We're about 320 feet underground.
This is where 28 and a half miles of deep tunnel come to an end.
Everything gets pumped out here and either sent to Jones Island or the Oak Creek plant in South Shore.
(drill whirring) 28 and a half miles long, it's about 300 feet underground for the most part and 17 to 32 feet in diameter.
So it's massive and it holds about 521 million gallons.
And that's the whole point of this tunnel system is to help reduce the risk of sewer overflows.
And our highest priority during a storm is to keep wastewater out of people's basements.
1994 was the first full year of operation.

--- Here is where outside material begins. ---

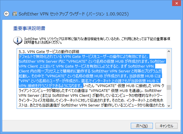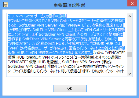 初めて VPN Gate クライアントを起動しようとすると、VPN Gate

Ever since then, we have captured and cleaned 98.4% of every drop of water that's gotten into the regional sewer system.
(doors clicking) This is the harbor siphon.
There are two pipes that come in, one from this direction and one from the north, that go under the river and then this siphon system brings it up to the plant just to help lift it to a level where all the water could flow by gravity through the rest of the plant.

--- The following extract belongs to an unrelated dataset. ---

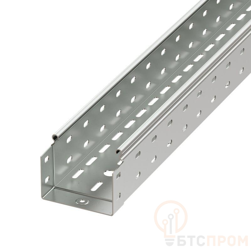 Перфорированные листовые лотки ДКС применяются для прокладки кабеля как в помещении, так и на открытом воздухе. Лотки отличаются высокой несущей способностью – подформовка, производимая при производстве этой продукции, создает дополнительное ребро жесткости, что увеличивает несущую способность системы до 54%. Перфорация сокращает вес конструкции. В лотках имеются отверстия для отвода кабеля. Степень пыле- и влагозащиты перфорированных лотков – IP 10 при использовании крышек, входящих в состав системы. Метод соединения "мама-папа" применяемый для системы, существенно сокращает время монтажа и создает непрерывный контур. Конструктив листовых лотков ДКС предупреждает повреждение кабеля при прокладке. Высота лотка – 80 мм, ширина – 100 мм, длина – 3000 мм, толщина - 1 мм. Лотки в специальном исполнении "Горячий цинк" отличаются повышенной стойкостью к коррозии и воздействию агрессивных сред.

(soft upbeat music) So there are four stages.
The first being screening, where big towels and other stuff that gets either flushed or gets into a storm drain, that gets taken out, so it doesn't damage any equipment that we have or infrastructure.
This is the second stage of treatment.
So the solids sink to the bottom, oils and greases float to the top.

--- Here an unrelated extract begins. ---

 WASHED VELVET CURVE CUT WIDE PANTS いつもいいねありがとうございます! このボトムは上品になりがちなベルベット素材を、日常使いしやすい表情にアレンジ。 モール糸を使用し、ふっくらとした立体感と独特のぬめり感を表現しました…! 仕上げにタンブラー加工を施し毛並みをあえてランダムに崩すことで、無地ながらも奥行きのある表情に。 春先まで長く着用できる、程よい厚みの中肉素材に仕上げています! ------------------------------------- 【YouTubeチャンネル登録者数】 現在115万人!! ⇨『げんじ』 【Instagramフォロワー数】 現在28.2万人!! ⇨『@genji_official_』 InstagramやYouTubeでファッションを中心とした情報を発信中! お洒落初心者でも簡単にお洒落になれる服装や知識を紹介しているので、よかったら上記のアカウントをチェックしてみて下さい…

We take all the solids and put them in a pipeline that goes down to the Old Creek plant, and that goes into the anaerobic digester, and that's where it produces the gases to help us produce the energy we need to mostly run that plant.
And then it goes to where the real workhorses of a wastewater treatment are, it's called secondary treatment, where the bugs live, and the bugs eat organic material out of the wastewater.
Right here what you're seeing are the filter presses.
We take the bugs out, a certain portion each day, but this is how it comes in.
It comes in, this is a special filter fabric that lets water drain out.
But then the water is also squeezed out at this other end, before it drops down and onto a conveyor belt.
(conveyor whirring) And then they go to the dryer.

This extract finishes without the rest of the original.